Дэн обо всем сказал сестре после спектакля, за кулисами Каллоуденского театра. В тот день получено было согласие Рима; Дэну не терпелось поделиться новостью с Джастиной, хоть он и знал, что ей это совсем не понравится. Прежде он говорил ей о своих мечтах и стремлениях гораздо меньше, чем хотел бы, ведь она сразу начинала сердиться. Но в тот вечер, за кулисами, он уже не в силах был сдержать радость.

— Балда, — с отвращением сказала Джастина.

— Ничего другого я не хочу.

— Болван.

— От того, что ты меня ругаешь, ничего не изменится, Джас.

— Думаешь, я этого не понимаю? Просто ругань помогает немного отвести душу, мне необходима хоть какая-то разрядка.

— Я думал, ты неплохо разрядила свои чувства на сцене в роли Электры. Ты очень хорошо играла, Джас.

— После нынешней новости сыграю еще лучше, — мрачно пообещала Джастина. — Ты что же, пойдешь в колледж святого Патрика?

— Нет, я еду в Рим, к кардиналу де Брикассару. Мама уже все устроила.

— Что ты, Дэн! В такую даль!

— А почему бы и тебе не поехать, ну хоть в Англию? При твоей подготовке и способностях уж наверно не так трудно поступить в какую-нибудь труппу.

Джастина сидела перед зеркалом, еще в наряде Электры, снимала грим; причудливо подведенные, в черных кругах, необыкновенные глаза ее казались еще необыкновенней. Она медленно кивнула.

— Да, наверное, и я могу уехать, правда? — задумчиво сказала она. — Давно пора… в Австралии становится тесновато… Правильно, друг! Ты попал в точку! Англия так Англия!

— Великолепно! Ты только подумай! У меня ведь будут каникулы, в духовных семинариях учащихся отпускают, все равно как в университете. Мы подгадаем так, чтобы отдохнуть вместе, попутешествуем немного по Европе, а потом съездим домой, в Дрохеду. Я все-все обдумал, Джас! Если еще и ты будешь поблизости, все просто превосходно!

Джастина заулыбалась.

— Ну еще бы! Если я не смогу с тобой поболтать, разве это жизнь?

— Вот-вот, недаром я боялся, что ты так скажешь. — Дэн тоже улыбнулся. — Нет, серьезно, Джас, ты меня беспокоишь.

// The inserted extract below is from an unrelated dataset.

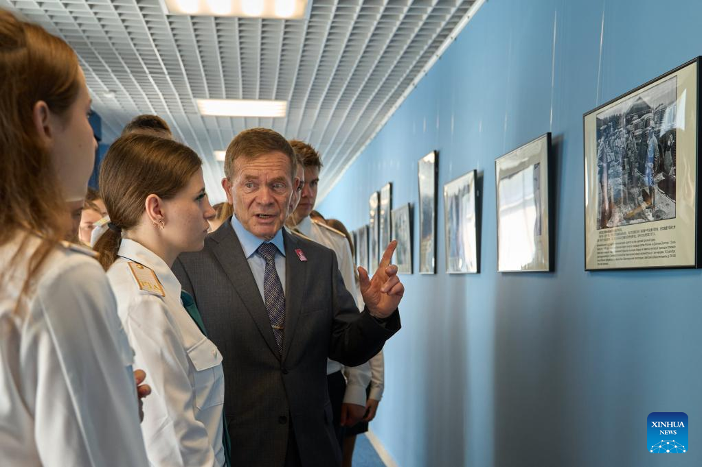 A teacher introduces a photo to students at a photo exhibition commemorating the 80th anniversary of the victory in the Chinese People's War of Resistance against Japanese Aggression and the World Anti-Fascist War in Vladivostok, Russia, Sept. 2, 2025. (Photo by Guo Feizhou/Xinhua)

Предпочитаю, чтобы ты была поближе и нам можно было бы хоть изредка видеться. А то кто же станет для тебя голосом совести?

Он скользнул между шлемом античного воина и устрашающей маской Пифии, сел на пол, собрался в комок, чтоб занимать поменьше места, — теперь он видел лицо сестры и притом ни у кого не путался под ногами. В Каллоуденском театре только у двух «звезд» были отдельные уборные, а Джастина пока еще не стала звездой. Она одевалась в общей артистической комнате, где непрестанно сновали взад и вперед ее товарки.

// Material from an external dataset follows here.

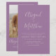 Budgetera Anpassa den här Dusty Lila Lilac Amethyst Simple och Elegant Dubbla Side med foto på bakre inbjudan med ditt meddelande och information. Den här inbjudan till chic innehåller en enkel handskriven manustypografi för snyggt och elegant för att det speciella Bröllopen ska kunna vara firande.

— Черт подери этого кардинала де Брикассара! — сказала она со злостью. — Я его с первого взгляда возненавидела.

Дэн засмеялся.

— Ничего подобного, это ты выдумываешь.

— Нет, возненавидела!

— Ничего подобного. Тетя Энн мне раз на Рождество рассказала, а ты не знаешь.

— Чего я не знаю? — опасливо спросила Джастина.

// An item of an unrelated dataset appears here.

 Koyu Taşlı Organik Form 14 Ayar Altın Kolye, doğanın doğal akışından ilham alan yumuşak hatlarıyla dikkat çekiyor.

— Когда ты была маленькая, он поил тебя из бутылочки и укачал, и ты уснула у него на руках. Тетя Энн говорит, маленькая ты была ужасная капризуля и терпеть не могла, когда тебя брали на руки, а когда он тебя взял, тебе очень даже понравилось.

— Враки!

— Нет, не враки. — Дэн улыбался. — А теперь, собственно, с чего ты его уж так ненавидишь?

— Ненавижу, и все. Тощий старый священник, меня от него тошнит.

— А мне он нравится. И всегда нравился. Отец Уотти называет его — истинный пастырь. И я тоже так думаю.

— Ну и так его раз этак…

— Джастина!!!

— Ага, наконец-то ты оскорблен в своих лучших чувствах! Пари держу, ты думал, я и слов таких не знаю. Глаза Дэна заискрились смехом.

— А ты знаешь, что это значит? Ну-ка, Джасси, давай объясни мне!

Когда Дэн начинал ее поддразнивать, Джастина устоять не могла, ее глаза тоже весело заблестели.

— Ну, может, ты собираешься стать святым, балда несчастная, но если ты до сих пор не знаешь, что это такое, лучше уж и не узнавай.Дэн стал серьезен.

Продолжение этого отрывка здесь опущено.